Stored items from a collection

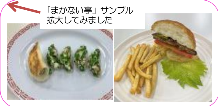
「まかない亭」サンプル 拡大してみました
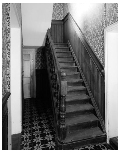
Intérieur, rez-de-chaussée, couloir : montée de l'escalier vers le 1er étage. IVR31_20035900949V
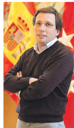
El alcalde de Madrid, José Luis Martínez-Almeida.

¿A usted le gustaría que de cara a las siguientes elecciones PP y Cs fuesen juntos?
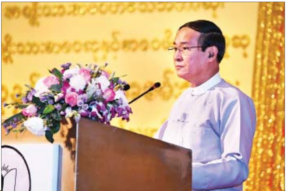
နိုင်ငံတော်သမ္မတ ဦးဝင်းမြင့် ၂၀၁၈ ခုနှစ်အတွက် အမျိုးသားစာပေတစ်သက်တာဆု၊ အမျိုးသားစာပေဆုနှင့် စာပေဗိမာန်စာမူဆုချီးမြှင့်ပွဲတွင် မိန့်ခွန်းပြောကြားစဉ်။

၂၀၁၈ ခုနှစ်အတွက် အမျိုးသားစာပေတစ်သက်တာ ဆု ရရှိခဲ့သည့် ပညာရှင်ကြီးနှစ်ဦးသည် မြန်မာစာပေလောက ဖွံ့ဖြိုးရေးနှင့် နိုင်ငံသူနိုင်ငံသားများ အသိပညာကြွယ်ဝရေး အတွက် စာကောင်းပေမွန်များကို တစ်စုံတစ်ရာ ရေးဖွဲ့ ဖန်တီးခဲ့ကြသူများဖြစ်သည့်အတွက် ဂုဏ်ယူမိပါကြောင်း၊ အမျိုးသားစာပေဆုရရှိခဲ့သည့် စာရေးသူများနှင့် စာအုပ်များ ကို ကြည့်မည်ဆိုလျှင်လည်း ခေတ်အတွေး၊ ခေတ်အမြင် များကို ထင်ဟပ်ဖော်ကျူးသည့် ရသစာပေ၊ သုတစာပေများ ကို ရေးဖွဲ့နိုင်သည့်အပြင် နိုင်ငံဖွံ့ဖြိုးရေးအတွက် ဖြည့်ဆည်းသင့်သည့် အသိပညာများ၊ အတတ်ပညာများကို ပြုစုရေးသားထားသည့် စာအုပ်များဖြစ်ကြောင်း ဆုရွေးချယ်ရေးအဖွဲ့က သုံးသပ်ထောက်ခံထားသည်ကို တွေ့ရပါကြောင်း၊ အလားတူ စာပေဗိမာန်စာမူဆုတွင်လည်း ကလောင်ရင့် စာရေးဆရာများသာမက ကလောင်နုစာရေး
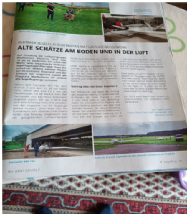
Bericht im Adler über das Olditreffen 2022
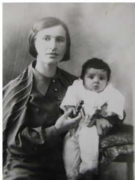
Галина Андреевна хайён Людмила ятлă хёрёпе.
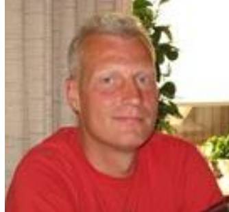
😞 SCHØN 😞
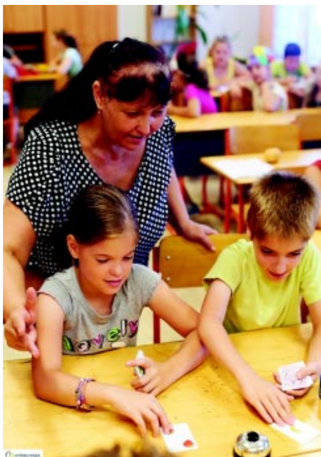
Önkormányzati nyelvi tábor a szőlőskerti tagintézményben
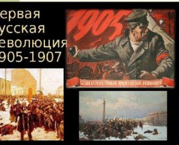
Первая русская революция 1905-1907
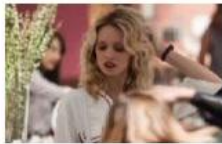
Bollente nel letto: Justin Mattered tutta nuda
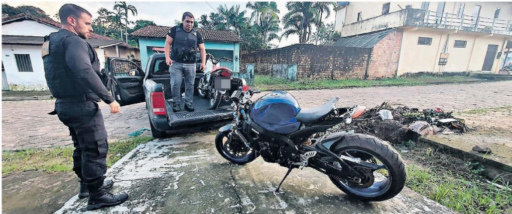
Motos apreendidas durante a ação. Um total de 31 policiais civis participaram da operação nos dois municípios. Justiça deferiu os pedidos de mandados de prisão, de buscas e de apreensões
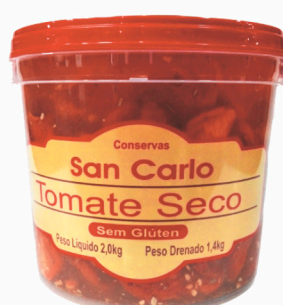
REF: 5276 Tomate Seco San Carlo Balde 2kg
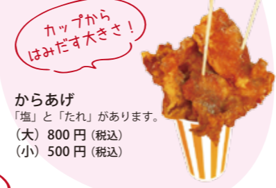
からあげ 「塩」と「たれ」があります。(大) 800円 (税込) (小) 500円 (税込)

からあげやベビーカステラなど、お祭りのようなメニューがいっぱい。亀山市東町 1-3 ☎090-9184-8855 🕒10:30～18:30 📅木曜日
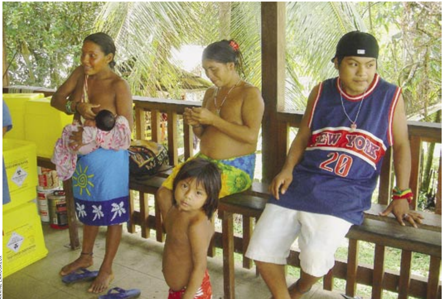
Un jeune du village (à droite) a troqué le kalimbé contre une tenue sportive. Pour certains, la ville offre un mode de vie attractif.

C'est donc en pirogue que les familles partent en expédition de chasse, à quelques heures de navigation du village, dans l'espoir de trouver du beau
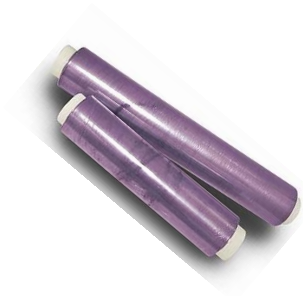
FILM INDUSTRIAL. 30 cm/ 45 cm
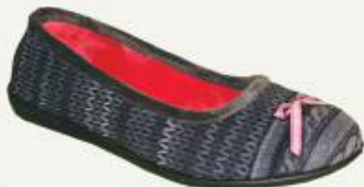
35/42 CARLA GRIS
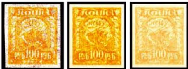
Obr. 70. Barvy známky „Zemědělství“ z 1. výplatní emise známek RSFSR Mi 156

Mnoho známek je známo i v několika barevných odstínech . To představuje jistý problém: tyto odstíny jsou totiž v katalogích popsány jen slovně, takže je těžké určit správný odstín, zejména je-li k dispozici jen jedna či jen několik málo známek, což je u vzácnějších známek běžné. Jsou-li mezi odstíny i velké rozdíly cenové, mohou se názory prodávajícího a kupujícího i diametrálně lišit. Uvedme jako příklad 100rublovou známku „Zemědělství“ z 1. výplatní emise známek RSFSR „Symboly práce“ z roku 1921 (obr. 70):
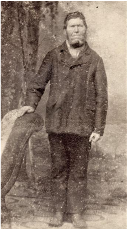
Ola Torgieson. Brukte både Bråдли og Hegelstad som etternavn. Fødd 1817 og døde i 1899.

Nye bilder legges ut fortløpende, så følg med!
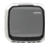
RVS Item #: 9433401
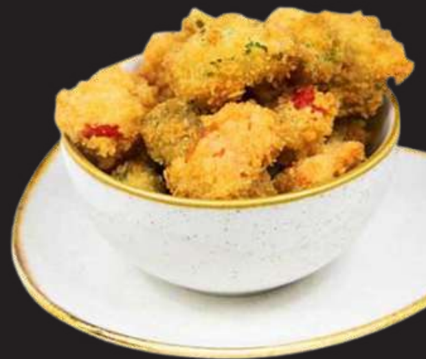
Tempura de Verduras Panko
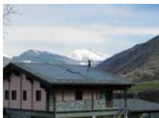
Chambave, 7,6 kWp
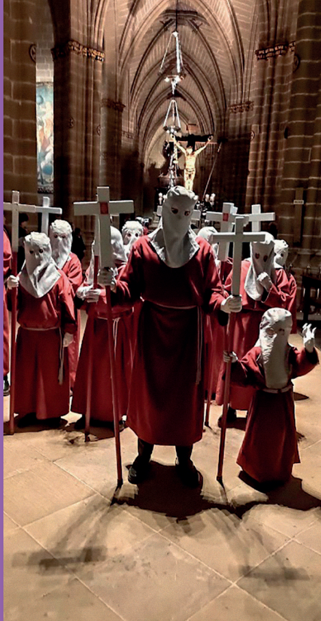
El último Vía Crucis que se celebró con normalidad
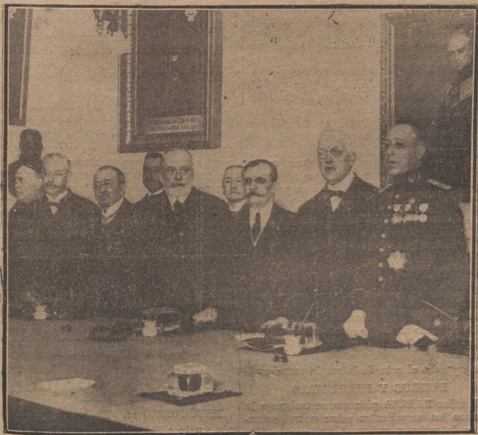
AYER SE CELEBRÓ EN LA REAL ACADEMIA DE LA HISTORIA UNA SESIÓN DE HOMENAJE A LA MEMORIA DEL REY ALFONSO «EL SABIO». EN LA FOTOGRAFIA APARECEN REUNIDAS LAS PERSONALIDADES QUE TOMARON PARTE EN EL ACTO
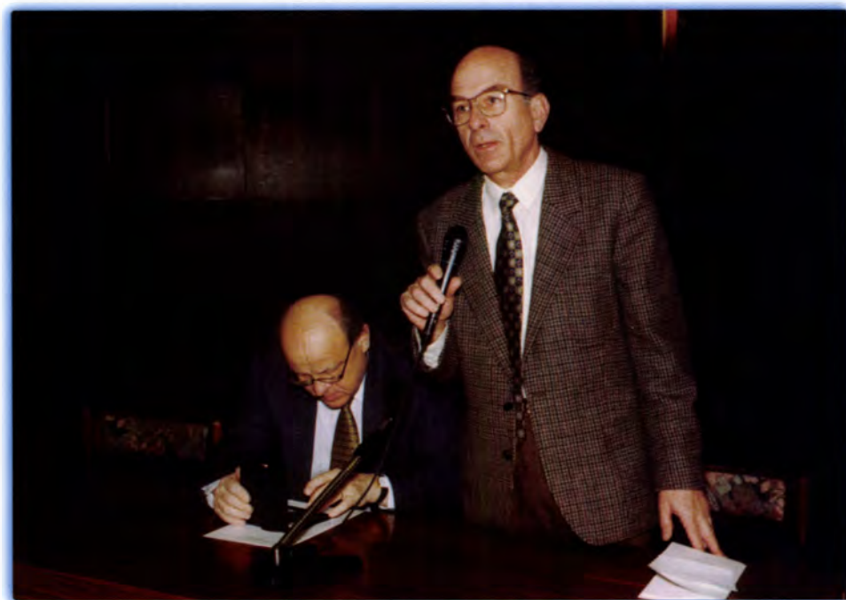
A TUDOMÁNYOS DIÁKKÖRI KONFERENCIA MEGNYITÓJA
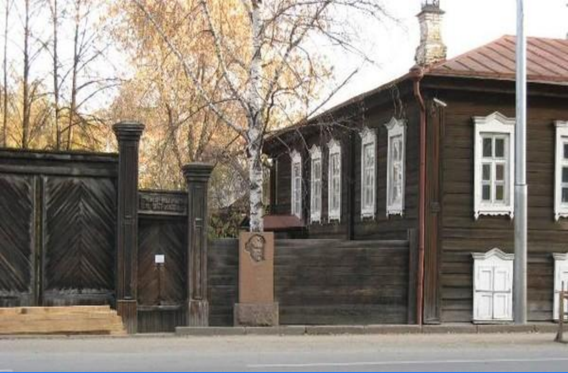
Музей-усадьба В.И. Сурикова. Красноярск
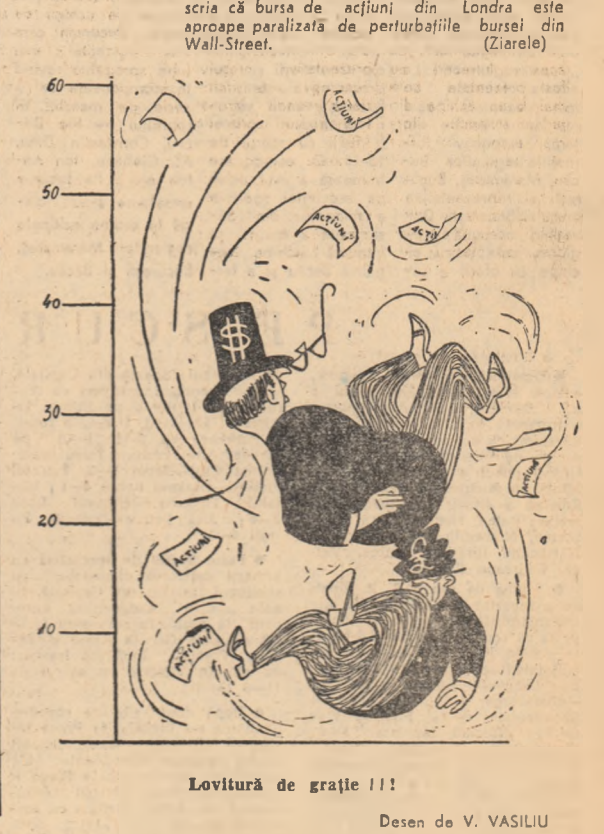
Lovitură de grație!!! Desen de V. VASILIU

ALGER. Corespondentul agenției Reuter scrie că teroarea deziluziunii în Oran (Algeria de vest) de „Organizația armată secretă” continuă. Pentru a treia oară în două zile, arată corespondentul, O.A.S.-iștii au incendiat primăria din Oran. O parte din clădire a fost mistuită de flăcări.
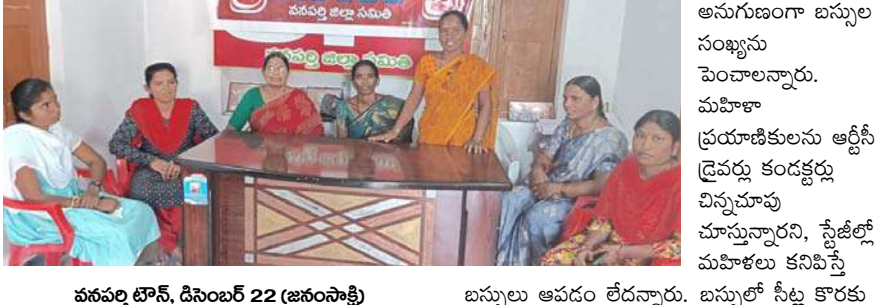
వనపర్తి బోన్, డిసెంబర్ 22 (జనంసాక్షి)
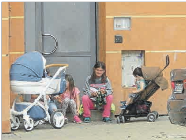
Venkovních radovánek si užívají také malé děti.

Asistenti prevence kriminality sem nechodí. Je pravdou, že ještě před časem je tady bylo vidět. Ale zašivali se tady v průchodu. Pokuřovali a bavili se s místními. Zřejmě s nimi navazovali přátelské vztahy. Taková činnost asistentů prevence kriminality je přece o ničem. Taková asistenti jsou slušným bydlícím k ničemu. Chtělo by to, aby konečně začala fungovat městská policie tak jak má. A víc aby dělala pochůzky. Jejich nedostatečný výkon znamená, že se to ve Stovkách začíná zvrhávat. Je to tady nebezpečné. Je to tady dokonce úplně šílené.
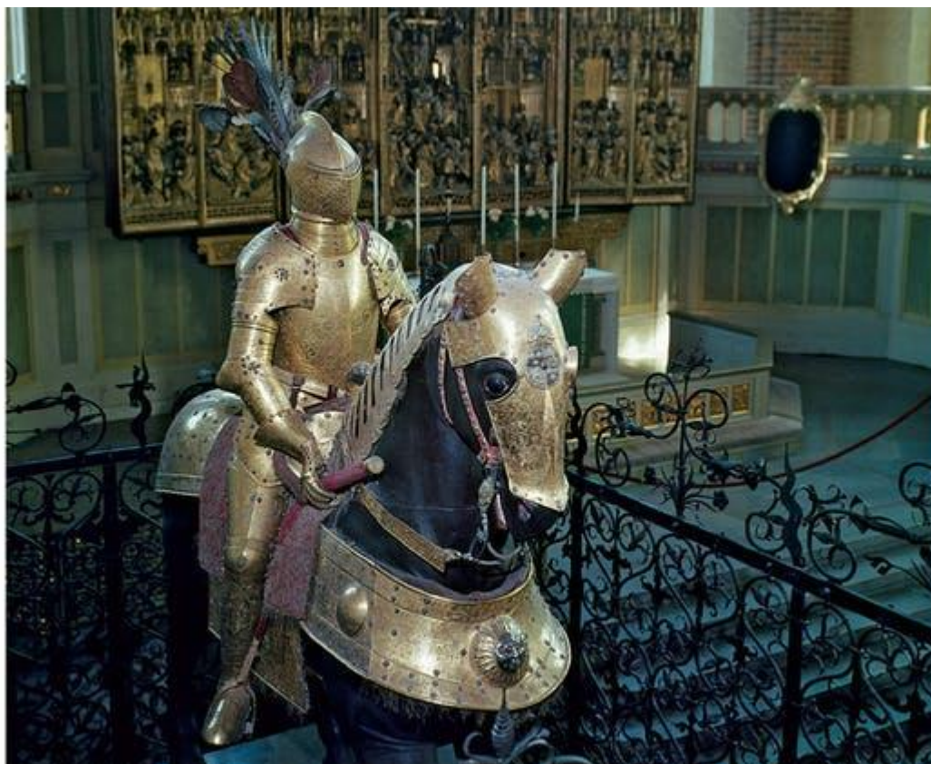
Karl IX dog i Nyköping 1611 och begravdes i Strängnäs domkyrka. Gravvården är krönt av häst och ryttare med förgylld kopparrustning.

Hur ska vi i dag tolka Karl IX? Samtidens bedömare var ense om att kungen var livsfarlig. I de skriftligt dokumenterade reaktioner som följde på nyheten om dödsfallet år 1611 framgår att folk gladde sig över att inte längre behöva riskera liv och lem när de yttrade sig offentligt. Samtidigt vet vi att Karl IX hade goda, eller åtminstone starka, sidor. Den durkdrivenhet och det kraftfulla agerande som möter oss både under hans tid som hertig och som kung är imponerande.
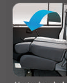
Lipatan bangku ke 1
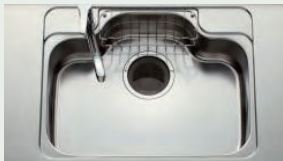
ステンレスシンク 水はね音が抑えられるため、 会話を妨げられることはありません。
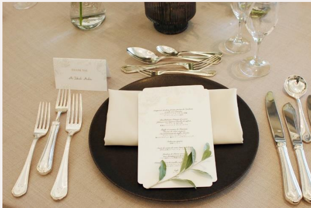
price 110yen ナフキングリーン
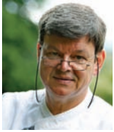
HARALD WOHLFAHRT SCHWARZWALDSTUBE Allemagne
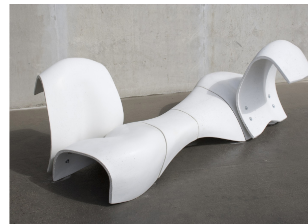
FIG. 010: Mobiliario Urbano-Diseño Complejo.
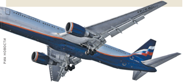
Самолеты группы компаний «Аэрофлот» в прошлом году перевезли 43,4 миллиона пассажиров.

Правительство утвердило директиву для «Газпрома» выплачивать годовые дивиденды по результатам деятельности в 2016 году в размере 190,327 миллиарда рублей, что составляет 20 процентов чистой прибыли по МСФО и на 3,5 миллиарда рублей больше аналогичных выплат прошлого года.
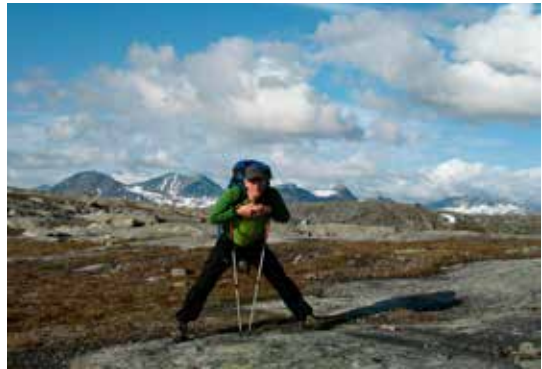
Oppe på høyfjellsplatået mellom vegen og Skoatdejavrehyttene.

Dagsturen vår starter ved vegenden i Norddalen. Vi har planlagt en rundtur og starter opp gjennom Steindalen. Det er sommer og varmt, lett å gå og utsikten er topp. Vi ser tilbake på Storsteinsfjellet som har flere spisse topper og en krittkvit isbre. Den høyeste toppen er den tredje høyeste i Nord-Norge (1891). Vi passerer en annen bre og flere høye topper, som ligger på vestsida av dalen. Den høyeste toppen er over 1700 moh, to andre er over

- **WHAT YOU NEED TO DO**:
Generate a word-for-word copy of the preceding records, excluding all pictures.

- **RESPONSE BOX**:
「まかない亭」サンプル 拡大してみました
Intérieur, rez-de-chaussée, couloir : montée de l'escalier vers le 1er étage. IVR31_20035900949V
El alcalde de Madrid, José Luis Martínez-Almeida.

¿A usted le gustaría que de cara a las siguientes elecciones PP y Cs fuesen juntos?
နိုင်ငံတော်သမ္မတ ဦးဝင်းမြင့် ၂၀၁၈ ခုနှစ်အတွက် အမျိုးသားစာပေတစ်သက်တာဆု၊ အမျိုးသားစာပေဆုနှင့် စာပေဗိမာန်စာမူဆုချီးမြှင့်ပွဲတွင် မိန့်ခွန်းပြောကြားစဉ်။

၂၀၁၈ ခုနှစ်အတွက် အမျိုးသားစာပေတစ်သက်တာ ဆု ရရှိခဲ့သည့် ပညာရှင်ကြီးနှစ်ဦးသည် မြန်မာစာပေလောက ဖွံ့ဖြိုးရေးနှင့် နိုင်ငံသူနိုင်ငံသားများ အသိပညာကြွယ်ဝရေး အတွက် စာကောင်းပေမွန်များကို တစ်စုံတစ်ရာ ရေးဖွဲ့ ဖန်တီးခဲ့ကြသူများဖြစ်သည့်အတွက် ဂုဏ်ယူမိပါကြောင်း၊ အမျိုးသားစာပေဆုရရှိခဲ့သည့် စာရေးသူများနှင့် စာအုပ်များ ကို ကြည့်မည်ဆိုလျှင်လည်း ခေတ်အတွေး၊ ခေတ်အမြင် များကို ထင်ဟပ်ဖော်ကျူးသည့် ရသစာပေ၊ သုတစာပေများ ကို ရေးဖွဲ့နိုင်သည့်အပြင် နိုင်ငံဖွံ့ဖြိုးရေးအတွက် ဖြည့်ဆည်းသင့်သည့် အသိပညာများ၊ အတတ်ပညာများကို ပြုစုရေးသားထားသည့် စာအုပ်များဖြစ်ကြောင်း ဆုရွေးချယ်ရေးအဖွဲ့က သုံးသပ်ထောက်ခံထားသည်ကို တွေ့ရပါကြောင်း၊ အလားတူ စာပေဗိမာန်စာမူဆုတွင်လည်း ကလောင်ရင့် စာရေးဆရာများသာမက ကလောင်နုစာရေး
Bericht im Adler über das Olditreffen 2022
Галина Андреевна хайён Людмила ятлă хёрёпе.
😞 SCHØN 😞
Önkormányzati nyelvi tábor a szőlőskerti tagintézményben
Первая русская революция 1905-1907
Bollente nel letto: Justin Mattered tutta nuda
Motos apreendidas durante a ação. Um total de 31 policiais civis participaram da operação nos dois municípios. Justiça deferiu os pedidos de mandados de prisão, de buscas e de apreensões
REF: 5276 Tomate Seco San Carlo Balde 2kg
からあげ 「塩」と「たれ」があります。(大) 800円 (税込) (小) 500円 (税込)

からあげやベビーカステラなど、お祭りのようなメニューがいっぱい。亀山市東町 1-3 ☎090-9184-8855 🕒10:30～18:30 📅木曜日
Un jeune du village (à droite) a troqué le kalimbé contre une tenue sportive. Pour certains, la ville offre un mode de vie attractif.

C'est donc en pirogue que les familles partent en expédition de chasse, à quelques heures de navigation du village, dans l'espoir de trouver du beau
FILM INDUSTRIAL. 30 cm/ 45 cm
35/42 CARLA GRIS
Obr. 70. Barvy známky „Zemědělství“ z 1. výplatní emise známek RSFSR Mi 156

Mnoho známek je známo i v několika barevných odstínech . To představuje jistý problém: tyto odstíny jsou totiž v katalogích popsány jen slovně, takže je těžké určit správný odstín, zejména je-li k dispozici jen jedna či jen několik málo známek, což je u vzácnějších známek běžné. Jsou-li mezi odstíny i velké rozdíly cenové, mohou se názory prodávajícího a kupujícího i diametrálně lišit. Uvedme jako příklad 100rublovou známku „Zemědělství“ z 1. výplatní emise známek RSFSR „Symboly práce“ z roku 1921 (obr. 70):
Ola Torgieson. Brukte både Bråдли og Hegelstad som etternavn. Fødd 1817 og døde i 1899.

Nye bilder legges ut fortløpende, så følg med!
RVS Item #: 9433401
Tempura de Verduras Panko
Chambave, 7,6 kWp
El último Vía Crucis que se celebró con normalidad
AYER SE CELEBRÓ EN LA REAL ACADEMIA DE LA HISTORIA UNA SESIÓN DE HOMENAJE A LA MEMORIA DEL REY ALFONSO «EL SABIO». EN LA FOTOGRAFIA APARECEN REUNIDAS LAS PERSONALIDADES QUE TOMARON PARTE EN EL ACTO
A TUDOMÁNYOS DIÁKKÖRI KONFERENCIA MEGNYITÓJA
Музей-усадьба В.И. Сурикова. Красноярск
Lovitură de grație!!! Desen de V. VASILIU

ALGER. Corespondentul agenției Reuter scrie că teroarea deziluziunii în Oran (Algeria de vest) de „Organizația armată secretă” continuă. Pentru a treia oară în două zile, arată corespondentul, O.A.S.-iștii au incendiat primăria din Oran. O parte din clădire a fost mistuită de flăcări.
వనపర్తి బోన్, డిసెంబర్ 22 (జనంసాక్షి)
Venkovních radovánek si užívají také malé děti.

Asistenti prevence kriminality sem nechodí. Je pravdou, že ještě před časem je tady bylo vidět. Ale zašivali se tady v průchodu. Pokuřovali a bavili se s místními. Zřejmě s nimi navazovali přátelské vztahy. Taková činnost asistentů prevence kriminality je přece o ničem. Taková asistenti jsou slušným bydlícím k ničemu. Chtělo by to, aby konečně začala fungovat městská policie tak jak má. A víc aby dělala pochůzky. Jejich nedostatečný výkon znamená, že se to ve Stovkách začíná zvrhávat. Je to tady nebezpečné. Je to tady dokonce úplně šílené.
Karl IX dog i Nyköping 1611 och begravdes i Strängnäs domkyrka. Gravvården är krönt av häst och ryttare med förgylld kopparrustning.

Hur ska vi i dag tolka Karl IX? Samtidens bedömare var ense om att kungen var livsfarlig. I de skriftligt dokumenterade reaktioner som följde på nyheten om dödsfallet år 1611 framgår att folk gladde sig över att inte längre behöva riskera liv och lem när de yttrade sig offentligt. Samtidigt vet vi att Karl IX hade goda, eller åtminstone starka, sidor. Den durkdrivenhet och det kraftfulla agerande som möter oss både under hans tid som hertig och som kung är imponerande.
Lipatan bangku ke 1
ステンレスシンク 水はね音が抑えられるため、 会話を妨げられることはありません。
price 110yen ナフキングリーン
HARALD WOHLFAHRT SCHWARZWALDSTUBE Allemagne
FIG. 010: Mobiliario Urbano-Diseño Complejo.
Самолеты группы компаний «Аэрофлот» в прошлом году перевезли 43,4 миллиона пассажиров.

Правительство утвердило директиву для «Газпрома» выплачивать годовые дивиденды по результатам деятельности в 2016 году в размере 190,327 миллиарда рублей, что составляет 20 процентов чистой прибыли по МСФО и на 3,5 миллиарда рублей больше аналогичных выплат прошлого года.
Oppe på høyfjellsplatået mellom vegen og Skoatdejavrehyttene.

Dagsturen vår starter ved vegenden i Norddalen. Vi har planlagt en rundtur og starter opp gjennom Steindalen. Det er sommer og varmt, lett å gå og utsikten er topp. Vi ser tilbake på Storsteinsfjellet som har flere spisse topper og en krittkvit isbre. Den høyeste toppen er den tredje høyeste i Nord-Norge (1891). Vi passerer en annen bre og flere høye topper, som ligger på vestsida av dalen. Den høyeste toppen er over 1700 moh, to andre er over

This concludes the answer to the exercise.